# Morel licenses??????



## dtg (Jun 5, 2003)

My sister-in-law called me last night and told me that they are going to start making people buy "morel" hunting licenses. The DNR is in the red. You will be limited to the quantity of shrooms as well as certain lengths. You will have to take your shrooms to a DNR checking station.

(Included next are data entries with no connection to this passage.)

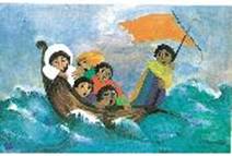 the lake. They got into the boat and set out. Suddenly a great storm began raging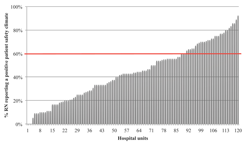 To compare the PSC on the participant medical, surgical and mixed medical-surgical units we computed the proportion of RNs on each unit reporting a positive PSC (defined as a mean SOS score ≥6). From a total of 132 units, 120 units had a response rate >50% and were eligible for this analysis. The proportion of RNs per unit reporting a positive PSC ranged from 0% to 92.31% (mean = 43.84%, 95% CI: 39.67% to 48.01%). The RN-reported PSC was positive on only 33 out of 120 units (27.5%). For three units (2.5%) no RN reported a positive PSC (fig. 1).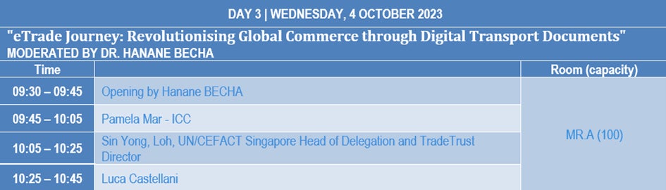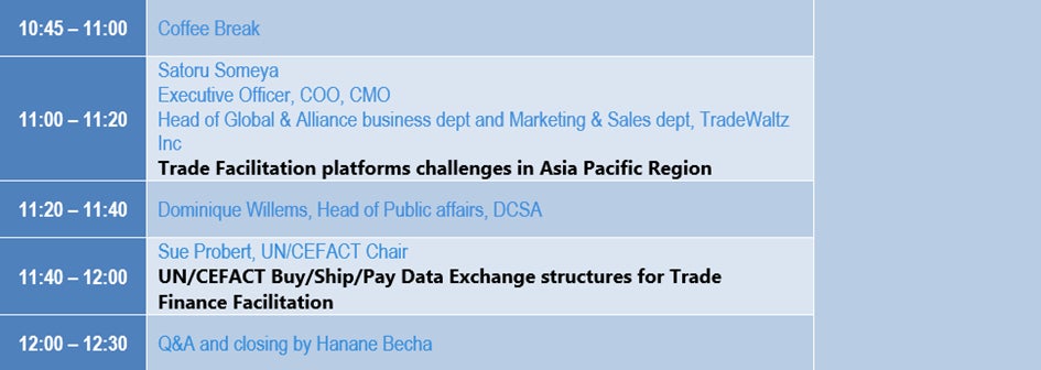 UN/CEFACT議長のSue、副議長のHanane、ICC DSI常務のPamela、シンガポール政府からTradeTrustを提案するSin Yong、コンテナ船社を束ねDCSAのDominiqueといった豪華メンバーにトレードワルツが加わり、貿易手続きの手法を書類からデータへ変え、商流・物流・金流のデータを一気通貫で活用できるように何ができるかを討議しました。(冒頭の写真はこのパネルの様子)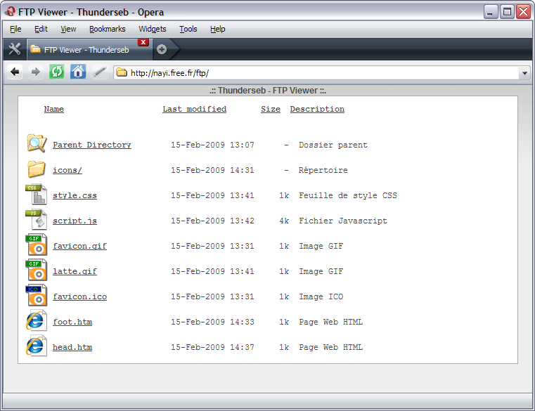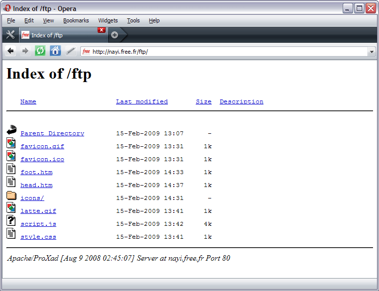 Quand vous naviguez dans votre FTP, Apache génère la liste des fichiers du répertoire que vous visitez. Cette liste va alors être ajoutée au code de head.htm. A tout cela, le code de foot.htm sera ajouté, ce qui donnera au final une page complète. Voici ce que ça peut donner :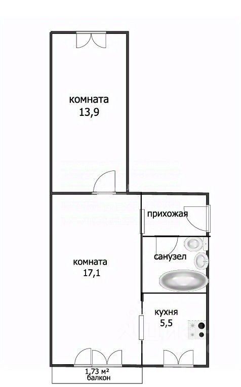 2-комнатная квартира "распашонка"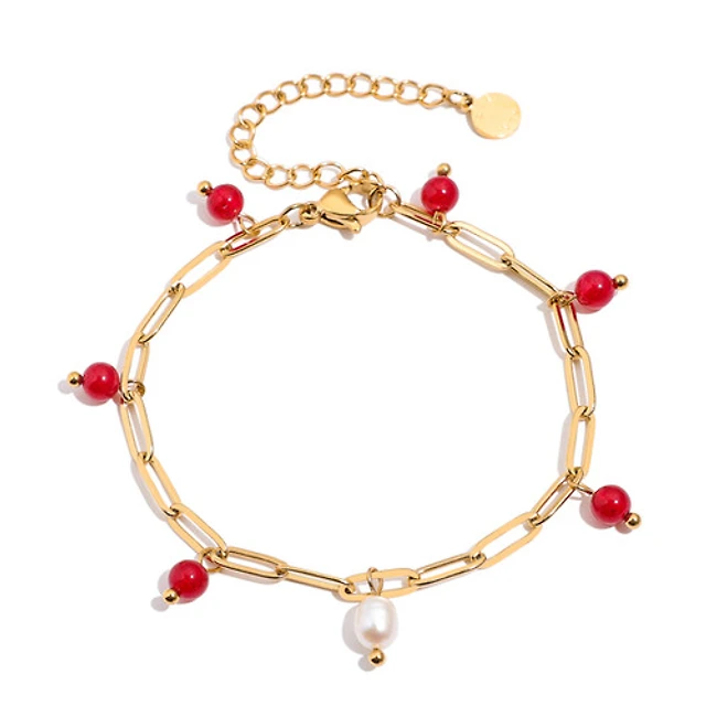 Ettika Gold Plated Paperclip Chain Bracelet with Pearl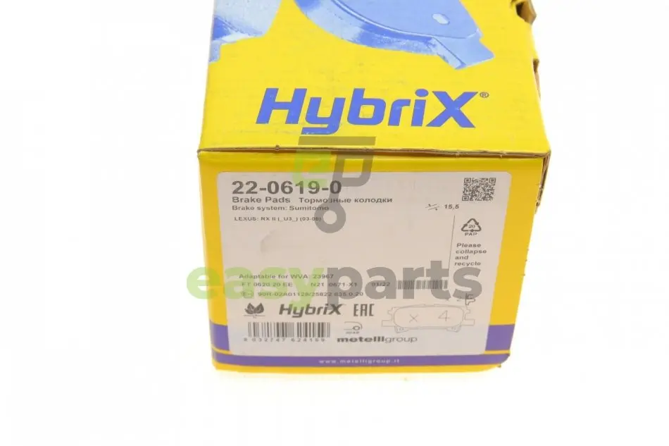 Колодки гальмівні (задні) Lexus RX 03-08 Metelli (Метеллі) 22-0619-0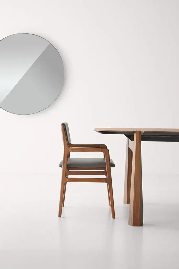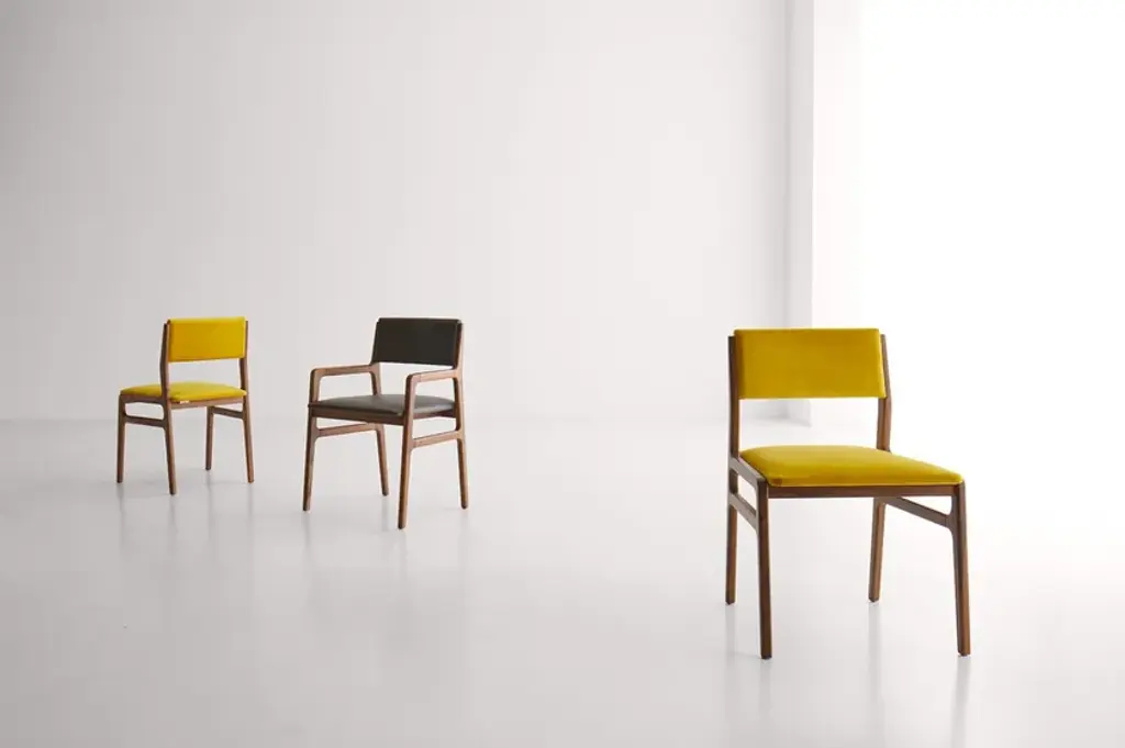 Shanghai is a chair with a solid wood structure, padded seat and back, hand-finished and with a contemporary design.Finishes- Canaletto Havana finish- available fabrics: Eco-leather, Econabuk, Linen, Velvet, Bouclè, Leather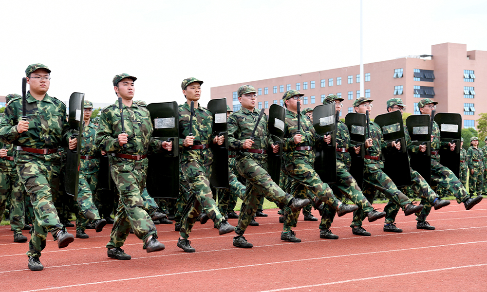 軍訓(xùn)會操中,各方隊都拿出了最佳狀態(tài),整齊劃一的男子方隊、英姿颯爽的女子方隊、氣勢如虹的警棍盾牌方陣,將百折不撓、堅定不移的軍魂體現(xiàn)得淋漓盡致。

I stumbled onto 1 lonely morel while fishing the Pine a few years back and I haven't gotten into Morel hunting yet, but I loves to eat them(my neighbor is into it), but this annoyed me anyway. What are some of your opinions on this?


----------



## archie holst (Aug 18, 2003)

I would say she is pulling your leg.


----------



## huntingfool43 (Mar 16, 2002)

Are they going to regulate what size gun you can use too? I prefer my 12 gauge, them little suckers are fast and the more lead I can get in the air the better. :lol: :lol: :yikes: :lol:  :lol: 
Where do people come up with this stuff.


----------



## triplehooked (Dec 26, 2004)

:16suspect :cwm27: :lol: :lol:  Here we go again!


----------



## Jacob Huffman (Sep 13, 2004)

I heard the same thing this past weekend at a bait shop in LeRoy.It seems the permit is going to cost $15 if you want to pick them on state or federal lands.There is a limit of 50 mushrooms.There cannot be any less than 4" and only one over 8".Kind of like a slot limit on fish I guess.And the article I read also said you would have to take them to a DNR check station and have them looked at and counted and identified.


----------



## boltaction (Dec 5, 2001)

I read this very same thing back in April. A flier was floating around work and as I read it I thought, what kind of crap is this. Then, as I got to the last sentence it said April Fool! The scary thing is is that this is the kind of thing that lawmakers can sometimes come up with.


----------



## ron doster sr (Jan 4, 2005)

for all you illegal pickers you can bring me your morels and for a 50% fee I will see taht you receive the appropriate license and a quick lesson on the cooking and consumation of this illegal harvest. I am more than willing to do my civic duty:evilsmile fishlord


----------



## Sib (Jan 8, 2003)

Ok, then I'm just out hunting for shed antlers if I happen on any COs.


----------



## lookin for the gills (Jan 21, 2003)

I told my dad about this little joke and he almost had a stroke. I will censor what he said. " Granholm is a female dawg, I cant stand politicians, there all no good pieces of trash, Im going to the capitol and bending over and telling them all to kiss my rear end." Imagine a 50 year old man getting beat red and really cussing at this whole situation. Kinda funny but I thought It was gonna kill him


----------



## boltaction (Dec 5, 2001)

Gills, thats the same reaction some of the guys at work had. If you really want to get them POed :rant: tell them that it's about time they started paying there share for the use of the land. :evilsmile :lol: For your own saftey stand back just a little when you do. :yikes:


----------



## dtg (Jun 5, 2003)

lookin for the gills said:


> I told my dad about this little joke and he almost had a stroke. I will censor what he said. " Granholm is a female dawg, I cant stand politicians, there all no good pieces of trash, Im going to the capitol and bending over and telling them all to kiss my rear end." Imagine a 50 year old man getting beat red and really cussing at this whole situation.


Funny, I'm not quite that old but I had the same reaction when my sister in law informed me. My first thought was here Granholm goes again. Just another shakedown method. She might as well send "Guido" to my house and personally turn me upside down and shake whatever spare change I have, out of my pockets. Suddenly I feel our Government has been watching too much Soprano's


----------



## huntndaddy (Mar 25, 2005)

For all you non-believers out there weather this morel license crap is true or not. Well here is the article from the Leelanau paper. One of my memberes on my message board posted this. It is kind of hard to read since it is a scanned copy.

IMO this is a conspiracy and a load of crap. Just another way for the polititians to line their pockets.
rotest_e-------->Morel Hunting Licenses

http://www.geocities.com/shady_man_...nse_article.jpg


----------



## Krull (Mar 29, 2005)

I will enjoy my dove breast with sauteed Morrel mushroom sauce, with scrambled commrant eggs.


----------